---------- EXERCISE INPUTS
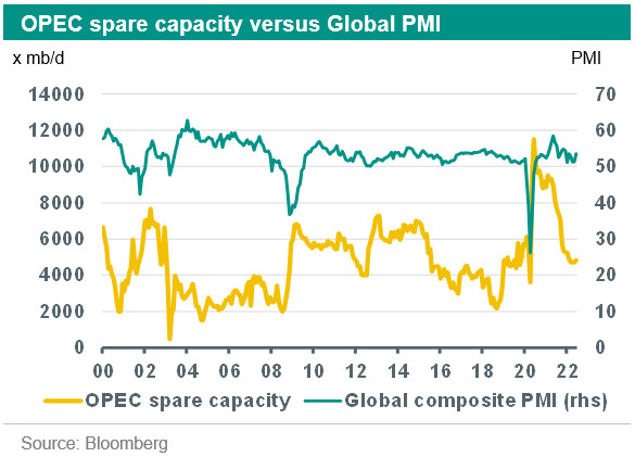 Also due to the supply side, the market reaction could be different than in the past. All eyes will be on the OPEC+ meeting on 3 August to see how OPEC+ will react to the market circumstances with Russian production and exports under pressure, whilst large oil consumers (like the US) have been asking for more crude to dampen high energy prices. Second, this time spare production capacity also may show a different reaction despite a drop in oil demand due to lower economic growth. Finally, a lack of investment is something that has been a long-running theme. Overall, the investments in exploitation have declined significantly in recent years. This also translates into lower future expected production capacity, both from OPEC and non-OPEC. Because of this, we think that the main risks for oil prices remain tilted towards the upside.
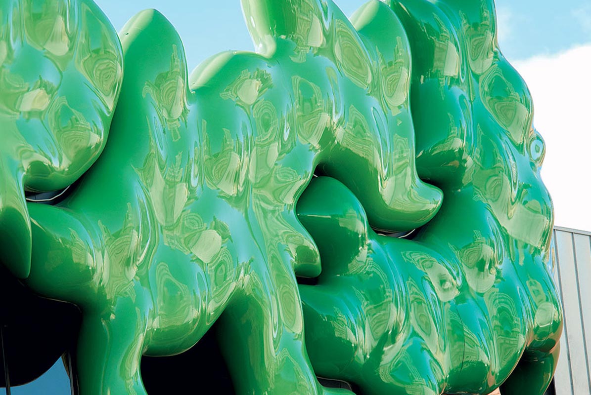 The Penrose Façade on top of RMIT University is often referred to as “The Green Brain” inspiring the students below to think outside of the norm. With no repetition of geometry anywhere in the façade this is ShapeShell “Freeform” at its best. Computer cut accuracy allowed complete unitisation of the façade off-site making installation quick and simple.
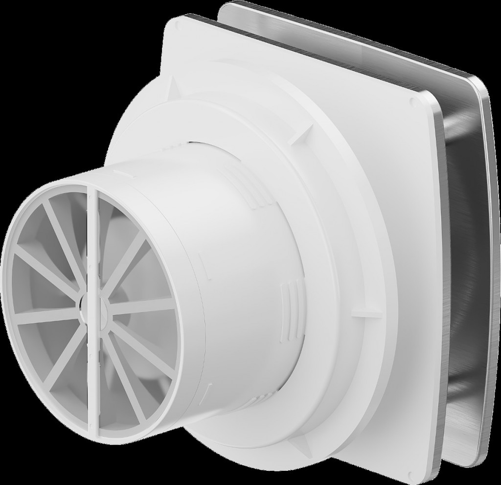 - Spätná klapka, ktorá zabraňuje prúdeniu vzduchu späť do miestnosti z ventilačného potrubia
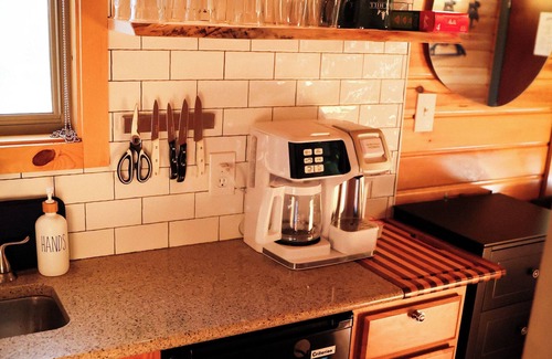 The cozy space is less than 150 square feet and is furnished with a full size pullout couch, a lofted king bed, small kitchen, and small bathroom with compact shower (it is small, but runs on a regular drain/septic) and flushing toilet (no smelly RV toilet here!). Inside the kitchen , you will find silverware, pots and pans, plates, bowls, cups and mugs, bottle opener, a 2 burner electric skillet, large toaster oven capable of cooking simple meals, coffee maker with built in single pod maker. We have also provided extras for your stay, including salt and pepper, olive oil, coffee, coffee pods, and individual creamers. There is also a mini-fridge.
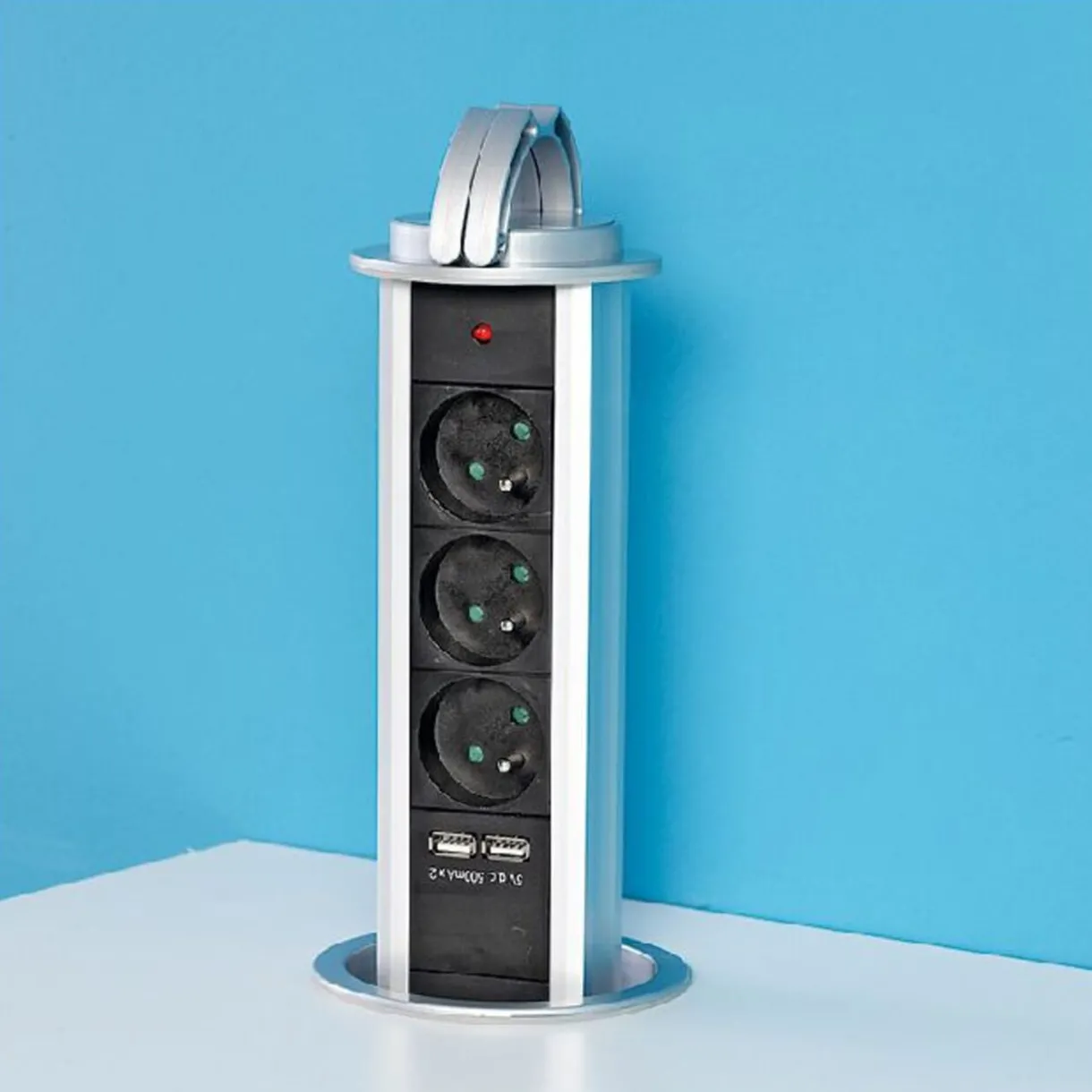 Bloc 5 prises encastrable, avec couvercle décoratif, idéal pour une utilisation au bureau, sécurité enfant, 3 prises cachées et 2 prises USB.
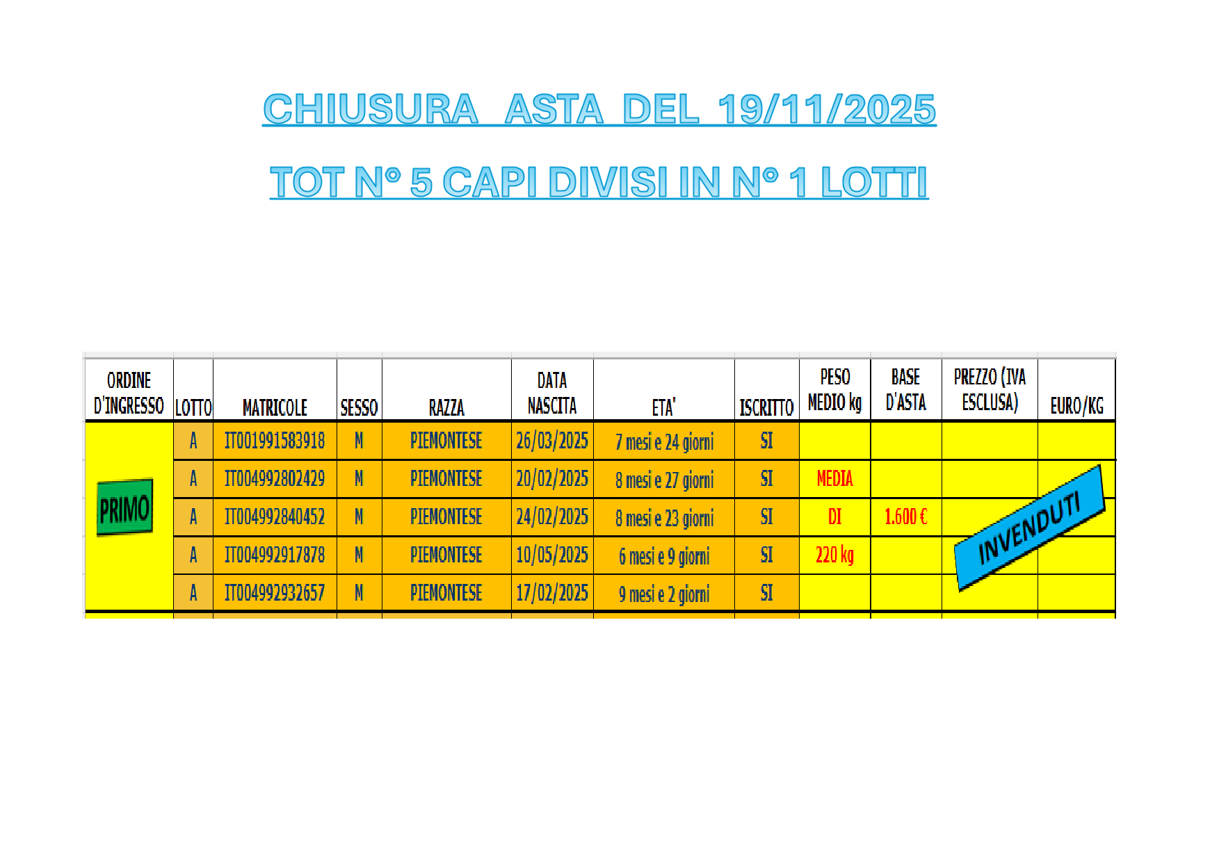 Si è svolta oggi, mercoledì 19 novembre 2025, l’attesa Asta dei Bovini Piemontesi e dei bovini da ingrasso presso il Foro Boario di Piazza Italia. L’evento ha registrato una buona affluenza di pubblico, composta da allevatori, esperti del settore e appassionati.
--------------------
# WORK INSTRUCTION
Leave every picture out. Retype the remaining data exactly.

# ANSWER FOR THE TASK
 Also due to the supply side, the market reaction could be different than in the past. All eyes will be on the OPEC+ meeting on 3 August to see how OPEC+ will react to the market circumstances with Russian production and exports under pressure, whilst large oil consumers (like the US) have been asking for more crude to dampen high energy prices. Second, this time spare production capacity also may show a different reaction despite a drop in oil demand due to lower economic growth. Finally, a lack of investment is something that has been a long-running theme. Overall, the investments in exploitation have declined significantly in recent years. This also translates into lower future expected production capacity, both from OPEC and non-OPEC. Because of this, we think that the main risks for oil prices remain tilted towards the upside.
 The Penrose Façade on top of RMIT University is often referred to as “The Green Brain” inspiring the students below to think outside of the norm. With no repetition of geometry anywhere in the façade this is ShapeShell “Freeform” at its best. Computer cut accuracy allowed complete unitisation of the façade off-site making installation quick and simple.
 - Spätná klapka, ktorá zabraňuje prúdeniu vzduchu späť do miestnosti z ventilačného potrubia
 The cozy space is less than 150 square feet and is furnished with a full size pullout couch, a lofted king bed, small kitchen, and small bathroom with compact shower (it is small, but runs on a regular drain/septic) and flushing toilet (no smelly RV toilet here!). Inside the kitchen , you will find silverware, pots and pans, plates, bowls, cups and mugs, bottle opener, a 2 burner electric skillet, large toaster oven capable of cooking simple meals, coffee maker with built in single pod maker. We have also provided extras for your stay, including salt and pepper, olive oil, coffee, coffee pods, and individual creamers. There is also a mini-fridge.
 Bloc 5 prises encastrable, avec couvercle décoratif, idéal pour une utilisation au bureau, sécurité enfant, 3 prises cachées et 2 prises USB.
 Si è svolta oggi, mercoledì 19 novembre 2025, l’attesa Asta dei Bovini Piemontesi e dei bovini da ingrasso presso il Foro Boario di Piazza Italia. L’evento ha registrato una buona affluenza di pubblico, composta da allevatori, esperti del settore e appassionati.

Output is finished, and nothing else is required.